Sunday, July 17, 2016

I'm a bird in a fucking cage.

It's currently 2:10 AM and I've been freaking out for a good hour now.

I'm not going to catch you up on what's happened this past month but I'll tell you about what's happening now.

I am currently trapped at my mothers house. Literally, I've been trapped and I don't know how to get out.

I became trapped last Monday when I decided that it was time to go home to my boyfriend instead of leaving him and moving elsewhere.

It was more than obvious that everyone in my life other than my boyfriend had strong opinions about how I should be moving to Kelowna. I had ultimatums set with friends and family, people yelling at me for even thinking about going back, people hating me for going back, like it was a lot. Which hurts. But whatever, I'm pretty used to people leaving me by now. I'm surprised I have one and a half people left in my life.

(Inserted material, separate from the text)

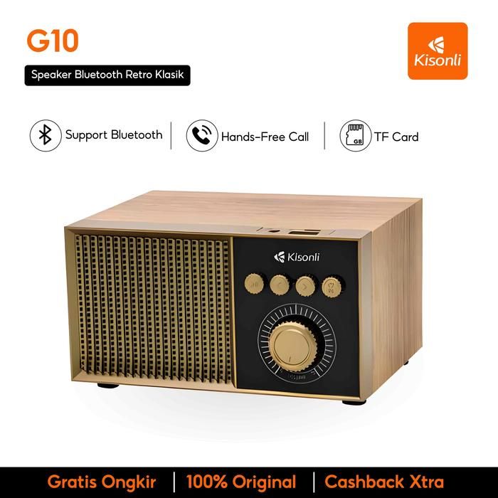 KISONLI - Speaker Bluetooth Portable Retro Klasik - G10 - Wood
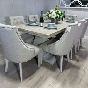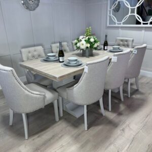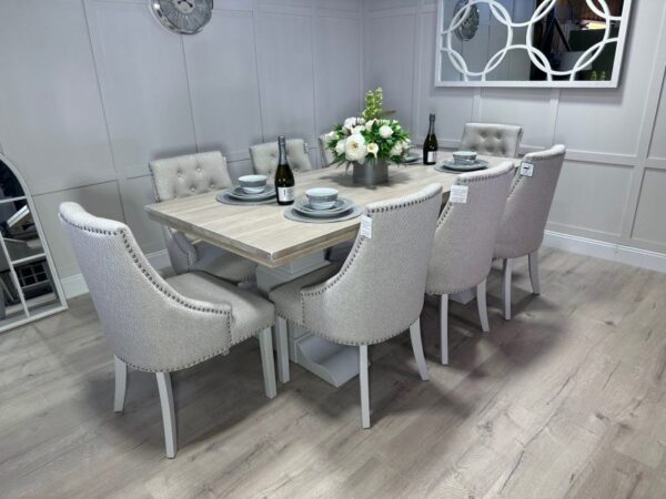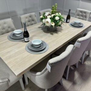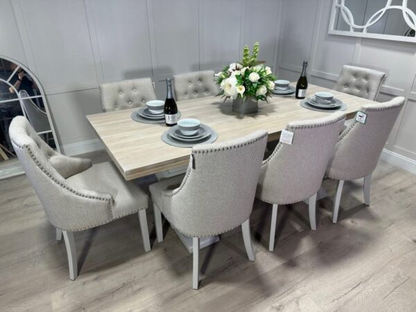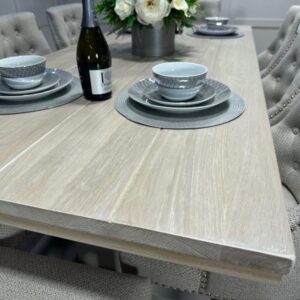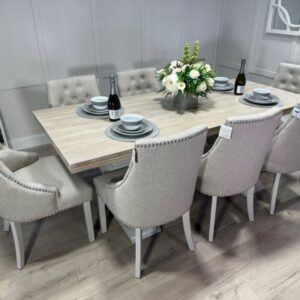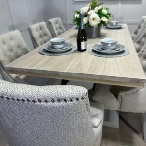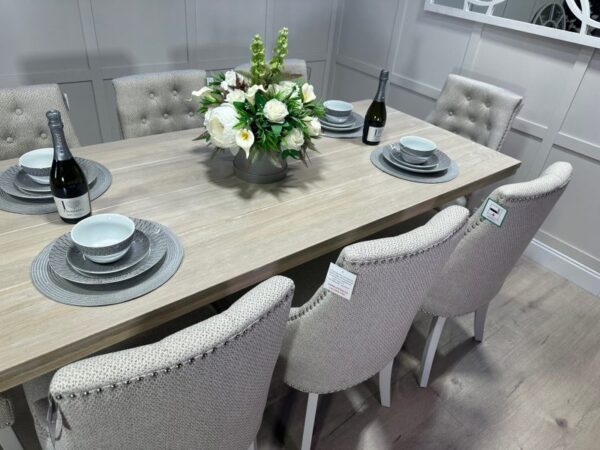 The solid oak table top will be finished with a limed effect leaving the gorgeous natural wood colour showing through. We then apply several coats of a hard water based laquar to protect your table for years to come. This dining set also benefits from having 8 of our comfy mixed beige winchester fabric chairs which finish this set off perfectly.

Anyway, I decided to go back. I had all my shit packed in my car, had fought with my mom in the driveway for an hour and was ready to go!!

I'm not going to go into details about what happened next because it literally took up six pages in my paper journal. So to summarize, my car broke before I even had a chance to get gas.

I phoned my mom after crying in a parking lot for awhile and she helped me get my car to the shop.

Here's where some important background information will come in handy. My car was having problems before I even got to my moms house a week before. When I told her about them she said we should take it down to the shop and she'd pay to get it fixed (I still have no job by the way). I told her that'd be nice but we couldn't because my car isn't insured or registered so it would get reported and seized if I took it in. At this point in time I was going to move to Kelowna so she told me she'd get my car insured/registered under her name and them AFTER, we could get it fixed without any worry.

WELL, I obviously didn't get my car insured because I didn't choose Kelowna. Hell, I didn't even get the gas money she had offered.

So, when I was on the phone with her I reminded her about the no insurance/registration thing and she told me, "Don't worry, I know the owner."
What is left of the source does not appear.